Si la fonction première du nouveau gouvernement est d’amener une majorité large et soumise à Emmanuel Macron, la diversité de cette majorité ouvre aussi la porte à une instabilité qu’il faudra assumer sans se renier.
Qu’est-il possible d’attendre du nouveau gouvernement ? Les optimistes, les pro-macron, les marcheurs diront que tout est possible. Les autres, mélange hétéroclite de résignés, de déçus ou simples citoyens trop heureux d’avoir écarté Marine Le Pen, alterneront entre attentisme, voire indifférence. En réalité, il n’y a pas grand chose à attendre du présent gouvernement essentiellement bâti dans la perspective des élections législatives du mois de juin. Et pour Emmanuel Macron, la chose est claire : il n’y aura aucune décision prise avant que ne se soit dessinée une majorité claire à l’Assemblée Nationale. Car même si le nouveau président veut gouverner par ordonnance, il a besoin de l’aval du Parlement pour y procéder et donc, par conséquent, d’une majorité qui lui soit favorable. Ainsi, le Gouvernement actuel, qui expédiera les affaires courantes jusqu’au prochain remaniement à venir après le second tour des élections législatives, n’a pour autre fonction que de séduire le plus large panel d’électeurs venus de gauche, de droite et du centre. La mission est claire et ne souffre aucune contestation. Et tant pis sir certains ministres nommés le sont pour la façade.

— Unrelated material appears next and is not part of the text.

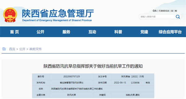 近期我省降水偏少,氣溫持續(xù)偏高,導(dǎo)致陜北北部、陜南東部、渭北出現(xiàn)輕到中度干旱,其中榆林、商洛、渭北局地出現(xiàn)嚴重干旱。后期降水仍將分布不均,旱情發(fā)展演變升級快,影響到工農(nóng)業(yè)生產(chǎn)安全。為做好當前抗旱工作,現(xiàn)就有關(guān)要求通知如下:
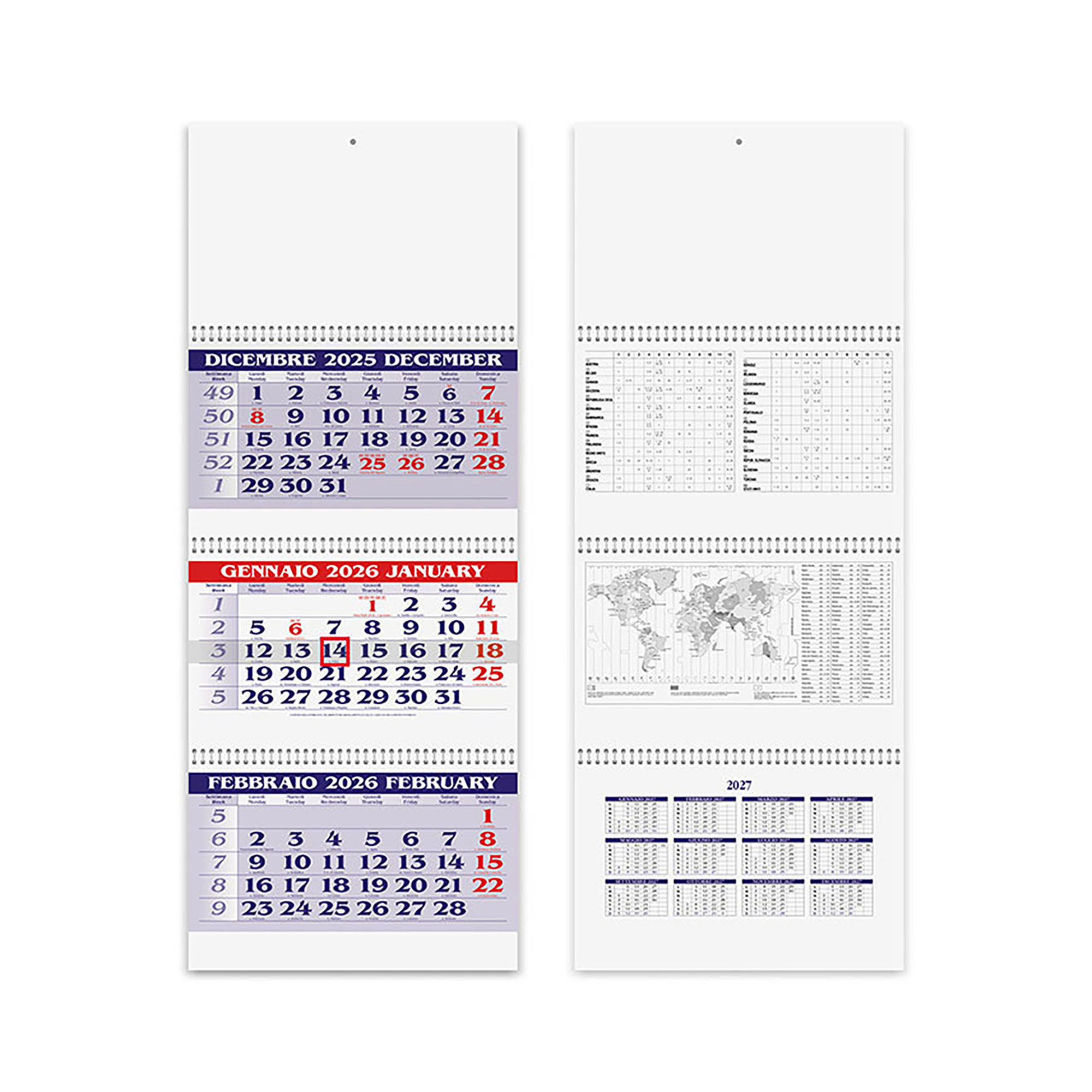 Altri prodotti popolari in questa sezioneCalendario da muro trimestrale olandese bicolore A3 30x47 cm1,69 € IVA escl.1,15 € IVA escl.Promo -31%Calendario da parete 14 mesi 55 x 43 cm7,29 € IVA escl.5,15 € IVA escl.Promo -29%Calendario da muro trittico 3 spirali 31x86 cm4,99 € IVA escl.3,45 € IVA escl.Promo -30%Calendario da parete 14 mesi 43 x 33,5 cm5,09 € IVA escl.3,60 € IVA escl.Promo -29%

Affirmer que les ministres choisis par Edouard Philippe resteront en place après l’élection du nouveau Parlement est somme toute assez risqué.
Cohabitation et majorité
D’abord, parce qu’un risque de cohabitation n’est pas exclu, bien que celui-si soit faible en raison de l’état avancé de délabrement des partis traditionnels, ensuite parce que le corps électoral n’est pas enclin à revivre l’expérience vécue en 1986 et 1997. Mais si les ministres actuels sont assis sur des sièges éjectables (tout ministre l’est cependant quelque soit la configuration politique), c’est tout simplement car leur mission ne relève que du contrat à durée déterminée avec pour mission, répétons-le, d’amener à l’assemblée une majorité nette et docile à l’assemblée. Nette et docile sont pourtant des adjectifs qui, en l’occurrence, restent objets de moult discussions et commentaires. Pourquoi ? Car en déstructurant le paysage politique, en faisant exploser les clivages ancestraux qui bornaient la vie politique française, Emmanuel Macron prend aussi le risque de les dissoudre au sein de l’assemblée et de la majorité qui le servira. Allier un député de gauche avec un député de droite n’est pas incohérent tant que l’un et l’autre sont d’accord, ce qui n’est pas interdit et qui est tout à fait imaginable. Mais si d’aventure un désaccord apparaît, le risque de défection apparaît aussi pour peut-être s’imposer comme un véritable danger d’instabilité parlementaire. Car le risque auquel s’expose Emmanuel Macron est là : celui de mettre sur pied une majorité nette certes mais fragile et versatile. Bref une majorité que la Quatrième République n’aurait pas renié au sein même de la Cinquième.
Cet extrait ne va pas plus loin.